> **DATA SHOWN**
--------------------------------------------------

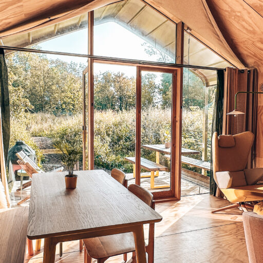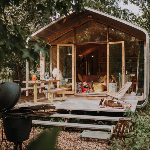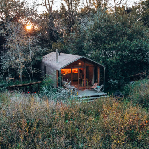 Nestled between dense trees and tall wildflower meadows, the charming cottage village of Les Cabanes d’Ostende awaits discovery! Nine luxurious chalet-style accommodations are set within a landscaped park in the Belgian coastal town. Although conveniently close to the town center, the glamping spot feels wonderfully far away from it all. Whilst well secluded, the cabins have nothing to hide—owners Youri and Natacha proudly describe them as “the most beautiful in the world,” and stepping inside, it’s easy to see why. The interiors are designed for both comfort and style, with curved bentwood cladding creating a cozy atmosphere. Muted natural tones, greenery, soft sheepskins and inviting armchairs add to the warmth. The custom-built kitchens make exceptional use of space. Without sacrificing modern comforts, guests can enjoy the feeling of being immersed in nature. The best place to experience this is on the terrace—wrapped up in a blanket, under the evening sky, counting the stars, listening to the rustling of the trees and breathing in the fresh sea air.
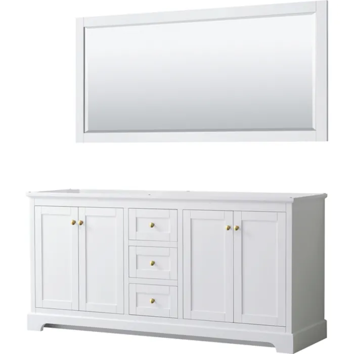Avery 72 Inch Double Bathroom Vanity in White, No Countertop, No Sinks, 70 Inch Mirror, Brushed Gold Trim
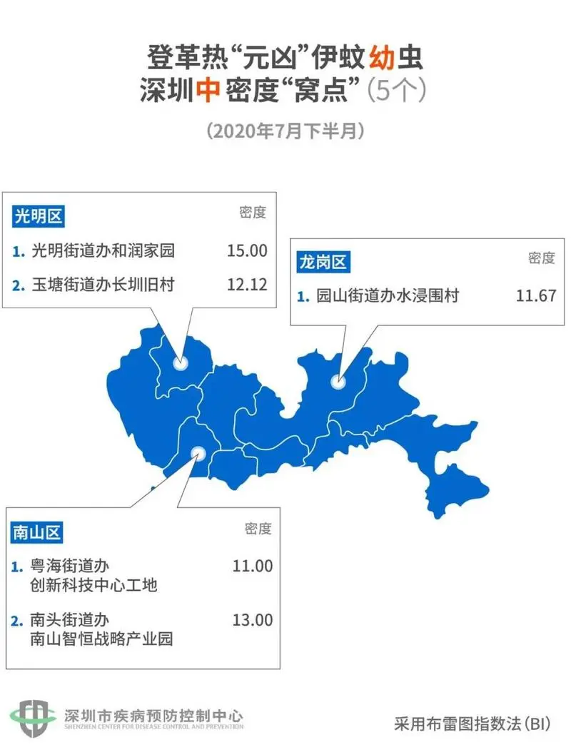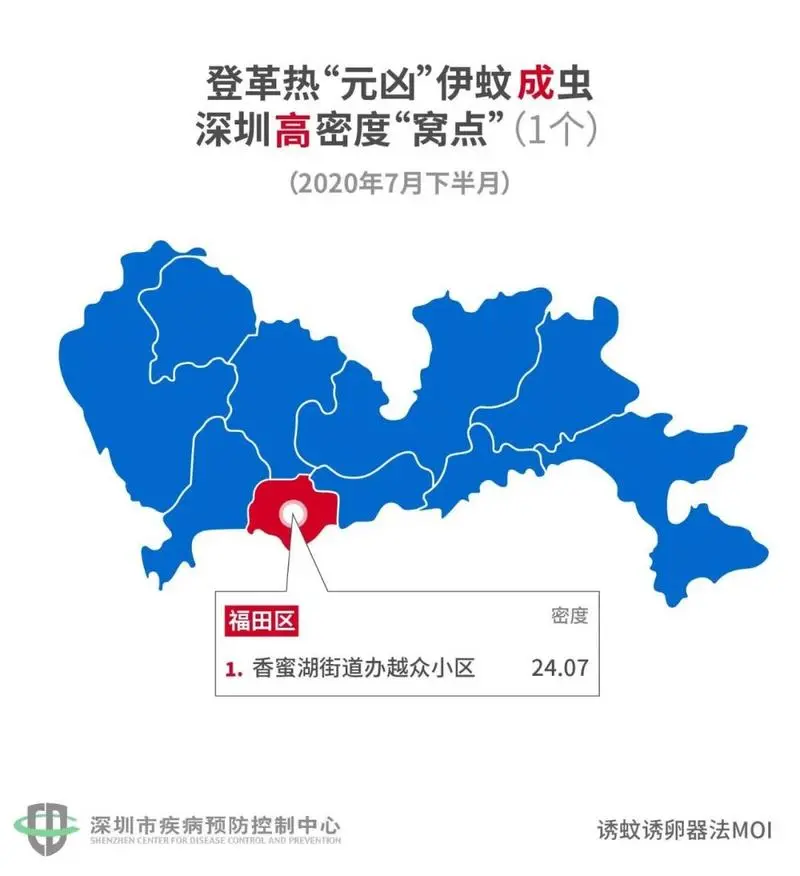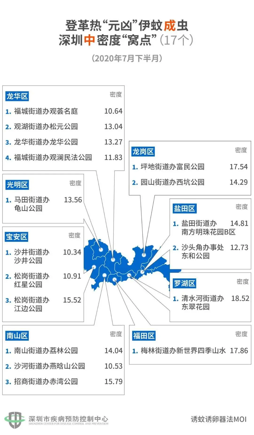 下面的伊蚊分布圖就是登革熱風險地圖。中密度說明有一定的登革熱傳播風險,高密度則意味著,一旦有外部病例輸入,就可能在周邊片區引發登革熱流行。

--------------------------------------------------

> **PROBLEM TO WORK ON**
The lines from the one containing "Avery 72 Inch" through the final line of the data are to be repeated exactly, with both ends included and all pictures left out.

> **EXERCISE RESPONSE**
Avery 72 Inch Double Bathroom Vanity in White, No Countertop, No Sinks, 70 Inch Mirror, Brushed Gold Trim
 下面的伊蚊分布圖就是登革熱風險地圖。中密度說明有一定的登革熱傳播風險,高密度則意味著,一旦有外部病例輸入,就可能在周邊片區引發登革熱流行。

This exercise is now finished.